I built a similar tool last year that doesn't have those features: https://url2text.com/
Apologies if the UI is slow - you can see some example output on the homepage.
The API it's built on is Urlbox's website screenshot API which performs far better when used directly. You can request markdown along with JS rendered HTML, metadata and screenshot all in one go: https://urlbox.com/extracting-text
You can even have it all saved directly to your S3-compatible storage: https://urlbox.com/s3
And/or delivered by webhook: https://urlbox.com/webhooks
I've been running over 1 million renders per month using Urlbox's markdown feature for a side project. It's so much better using markdown like this for embeddings and in prompts.
If you want to scrape whole websites like this you might also want to checkout this new tool by dctanner: https://usescraper.com/
I build something very similar - smort.io . Just prepend smort.io/ before any article URL to easily edit, annotate and share it with anyone.
Also works on ArXiv papers!
This was the Show HN post for Smort - https://news.ycombinator.com/item?id=30673502
I'm curious, if you care to share, what kind of load this places on your host? Is this something that you can keep going for free or will it eventually become non-cost efficient to keep running?
It also crawls (although you can scrape single pages as well)
These are all "wrappers around readability" AFAIK (including mine), which is the Mozilla project to make sites look clean and I use often.
One example --
URL: https://newsletter.pragmaticengineer.com/p/zirp-software-eng...

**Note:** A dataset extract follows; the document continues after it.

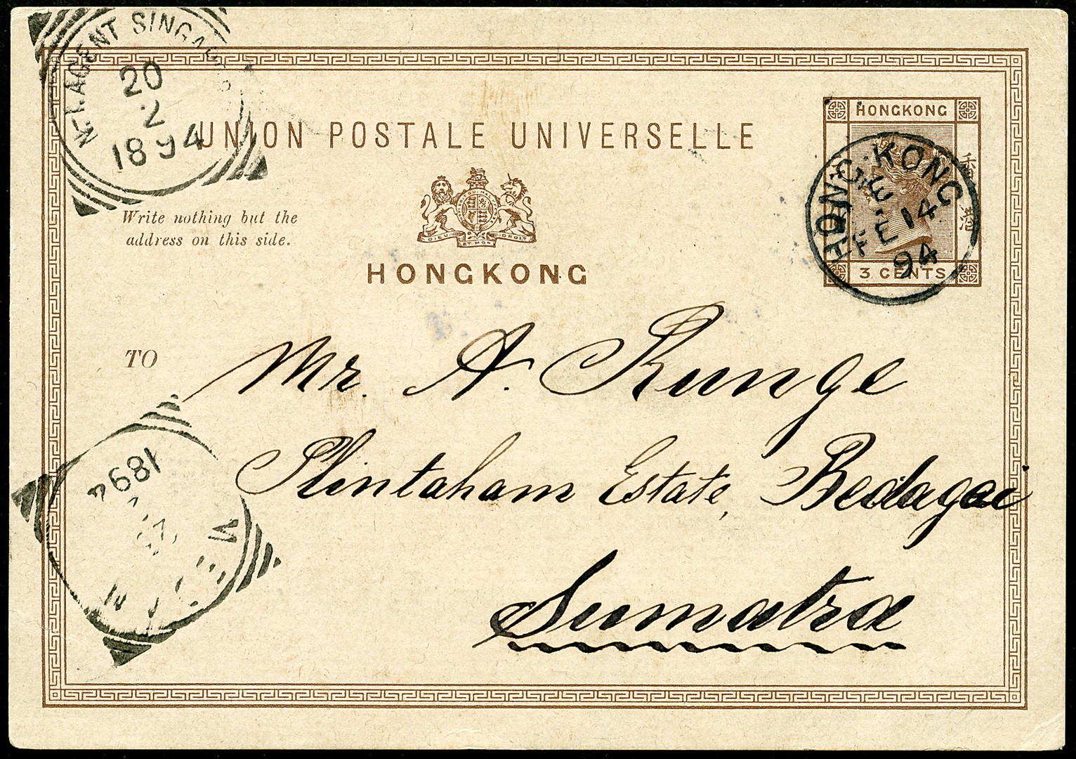 HONG KONG. Bk. van 3c op 14-2-1894 via de N.I.Agent Singapore 20-2 naar Medan 23-2

Sanitized output: https://substack-ai.vercel.app/u/pragmaticengineer/p/zirp-so...
Raw markdown: https://substack-ai.vercel.app/api/users/pragmaticengineer/p...
(Would be happy to open source it if anyone cares!)
In my case the purpose was to share saved links to my e-reader and used Markdown as an intermediate format through the mercury.js scraping API, but the possibilities are endless.
Anyways, it uses astro + markdown.
It'd be really neat if I could scrape my medium account to convert it to markdown to save me the trouble.
Tried on another page of the same site, then it only gave me the last article on a 6-article page, some weird things going on.
May be worth taking a look at.
Good stuff otherwise! Cheers on the launch
elinks -dump
lynx -dump
let me guess, you need more?
1. Throughly scraping the content of page (high recall)
2. Dropping all the ads/auxilliary content (high precision)
3. And getting the correct layout/section types (formatting)
For #2 and #3 - Trafilatura, Newspaper4k and python-readability based solutions work best out of the box. For #1, any scraping service + selenium is going to do a great job.
Could you elaborate on what your tool does different or better? The area has been stagnant for a while. So curious to hear your learnings.